Cedarhill a soutenu que les conventions de lotissement sont des instruments de planification plutôt que des contrats et qu’à ce titre, elles devraient rester ouvertes à des changements législatifs et politiques. La Cour était en désaccord. Cedarhill n’avait cité aucune autorité stipulant que les plans de lotissement devraient être ouverts à des changements législatifs et politiques. De plus, les tribunaux ont conclu à maintes reprises qu’une convention de lotissement est un contrat et qu’elle doit être interprétée selon les principes normaux d’interprétation contractuelle.
Cedarhill a soutenu qu’en raison de la clause d’obligation de maintien de l’exploitation du terrain de golf, cette clause n’est pas exécutoire contre le demandeur en tant que successeur en titre des Terrains. Encore une fois, la Cour était en désaccord. La Cour a déclaré que la nature des conventions de lotissement est telle que la plupart des clauses, sinon la totalité, comportent une obligation de faire et que le paragraphe 51 (26) de la Loi sur l’aménagement du territoire, L.R.O 1990, chap. P.13 est une exception légale spécifique à la règle de common law qui veut que les clauses comportant obligation de faire ne lient pas les successeurs en titre du terrain. Puisque la Convention a été inscrite à l’égard du titre des terrains concernés, elle lie, par conséquent, tous les propriétaires subséquents du terrain. La Cour a déclaré que toute autre interprétation porterait atteinte à la protection prévue par la Loi sur l’aménagement du territoire.
Cedarhill a soutenu que tout droit éventuel à l’égard du terrain créé par une convention de lotissement en 1980 doit avoir été acquis au plus tard en 2001, sinon les droits de la Ville sont nuls pour cause d’éloignement dans le temps.
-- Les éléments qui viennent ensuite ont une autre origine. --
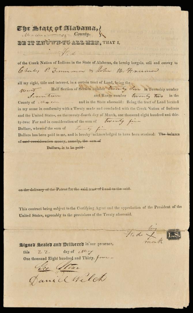 Andrew Jackson Signed Endorsement on Creek Indian / Alabama Document 1834 land conveyance document between a member of the Creek Indian Nation and Charles P. [illegible surname] and John W. Freeman for twenty five dollars, endorsed with signed approval “Andrew Jackson” dated November 1, 1834, 12 x 14-1/2 in., toning, numerous fold reinforcements throughout to counteract paper separations, could possibly benefit from further professional conservation

La Cour a conclu que l’interdiction de dévolutions perpétuelles n’était pas applicable en l’espèce, car la Ville avait le droit d’entrer sur les terrains du terrain de golf seulement à titre de titulaire de permis. Le droit de la Ville était purement contractuel et ne créait pas de droit éventuel à l’égard du terrain.
Cedarhill a soutenu que l’application des conditions de Y5 constituerait une expropriation de fait à l’égard de laquelle Cedarhill a droit à une indemnisation en vertu de la Loi sur l’expropriation. La requérante a soutenu que Y5 ne laisserait à Cedarhill qu’une utilisation théorique du terrain et la priverait de toute valeur économique. La Cour a mis l’accent sur la nature de l’« expropriation » dans la Loi sur l’expropriation, L.R.O. 1990, chap. E.26, qui exige l’appropriation de terrain sans le consentement du propriétaire. En l’espèce, le consentement et l’accord de Cedpar (en acceptant la condition du lotissement et en concluant une convention pour la garantir) ont été jugés incompatibles avec le concept selon lequel le terrain a été pris sans consentement.
Même si la Cour a finalement conclu que la Convention, y compris la Y5, était valide, elle a déterminé qu’au lieu de rejeter la demande, elle l’ajournerait pendant 120 jours tout en invitant les parties à recourir à la médiation en vue de parvenir à un règlement conforme aux dispositions de la Convention.
En date de cet affichage, aucune autorisation d’appel n’a été demandée.
Cette affaire sert plusieurs mises en garde aux propriétaires de terrains qui cherchent à obtenir des approbations d’aménagement et aux acheteurs éventuels de terrains :
Si cette décision n’est pas infirmée, les propriétaires fonciers et ceux qui cherchent à acheter des terrains devront examiner attentivement les conventions inscrites à l’égard du titre de leur propriété afin de comprendre le potentiel (ou l’absence de potentiel) de l’actif sous-jacent.